7 The linear transformations \(\mathrm { T } _ { 1 } : \mathbb { R } ^ { 4 } \rightarrow \mathbb { R } ^ { 4 }\) and \(\mathrm { T } _ { 2 } : \mathbb { R } ^ { 4 } \rightarrow \mathbb { R } ^ { 4 }\) are represented by the matrices $$\mathbf { M } _ { 1 } = \left( \begin{array} { r r r r } 1 & 1 & 1 & 4 \\ 2 & 1 & 4 & 11 \\ 3 & 4 & 1 & 9 \\ 4 & - 3 & 18 & 37 \end{array} \right) \quad \text { and } \quad \mathbf { M } _ { 2 } = \left( \begin{array} { r r r r } 1 & 1 & 1 & - 1 \\ 2 & 3 & 0 & 1 \\ 3 & 4 & 1 & 0 \\ 4 & 5 & 2 & 0 \end{array} \right)$$ respectively. The null space of \(\mathrm { T } _ { 1 }\) is denoted by \(K _ { 1 }\) and the null space of \(\mathrm { T } _ { 2 }\) is denoted by \(K _ { 2 }\). Show that the dimension of \(K _ { 1 }\) is 2 and that the dimension of \(K _ { 2 }\) is 1 . Find the basis of \(K _ { 1 }\) which has the form \(\left\{ \left( \begin{array} { c } p \\ q \\ 1 \\ 0 \end{array} \right) , \left( \begin{array} { l } r \\ s \\ 0 \\ 1 \end{array} \right) \right\}\) and show that \(K _ { 2 }\) is a subspace of \(K _ { 1 }\).

# Question 7:

## Part: Reduces M₁ to echelon form
$\begin{pmatrix}1&1&1&4\\2&1&4&11\\3&4&1&9\\4&-3&18&37\end{pmatrix}\rightarrow\cdots\rightarrow\begin{pmatrix}1&1&1&4\\0&-1&2&3\\0&0&0&0\\0&0&0&0\end{pmatrix}$ | M1A1 |

## Part: Finds Dim(K₁)
$\text{Dim}(K_1) = 4 - 2 = 2$ | A1 | (AG)
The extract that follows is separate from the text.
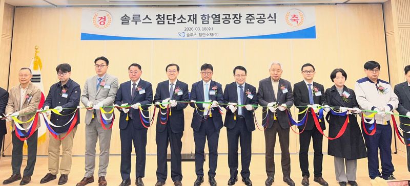 솔루스첨단소재는 지난 18일 전라북도 익산시 함열에서 ‘함열 OLED 공장 준공식’을 개최했다고 19일 밝혔다. 행사에는 김태형 솔루스첨단소재 사장을 비롯한 주요 임직원과 김종훈 전라북도 경제부지사, 정헌율 익산시장 등 관계자들이 참석했다.
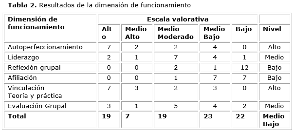 En la tabla 2 se observa una tendencia de mejor ubicación de la dimensión «funcionamiento», como el autoperfeccionamiento y la vinculación teoría y práctica; el liderazgo y la evaluación grupal, en nivel medio; y los indicadores reflexión y afiliación, en un nivel de compresión bajo.

## Part: Reduces M₂ to echelon form
$\begin{pmatrix}1&1&1&-1\\2&3&0&1\\3&4&1&0\\4&5&2&0\end{pmatrix}\rightarrow\cdots\rightarrow\begin{pmatrix}1&1&1&-1\\0&1&-2&3\\0&0&0&1\\0&0&0&0\end{pmatrix}$ | A1 | (aef)

## Part: Finds Dim(K₂)
$\text{Dim}(K_2) = 4 - 3 = 1$ | A1 | (AG)

## Part: Obtains basis for K₁
$x + y + z + 4t = 0$
$-y + 2z + 3t = 0$
Legitimately obtains basis for $K_1$ is $\left\{\begin{pmatrix}-3\\2\\1\\0\end{pmatrix},\begin{pmatrix}-7\\3\\0\\1\end{pmatrix}\right\}$ | M1, A1A1 | (OE)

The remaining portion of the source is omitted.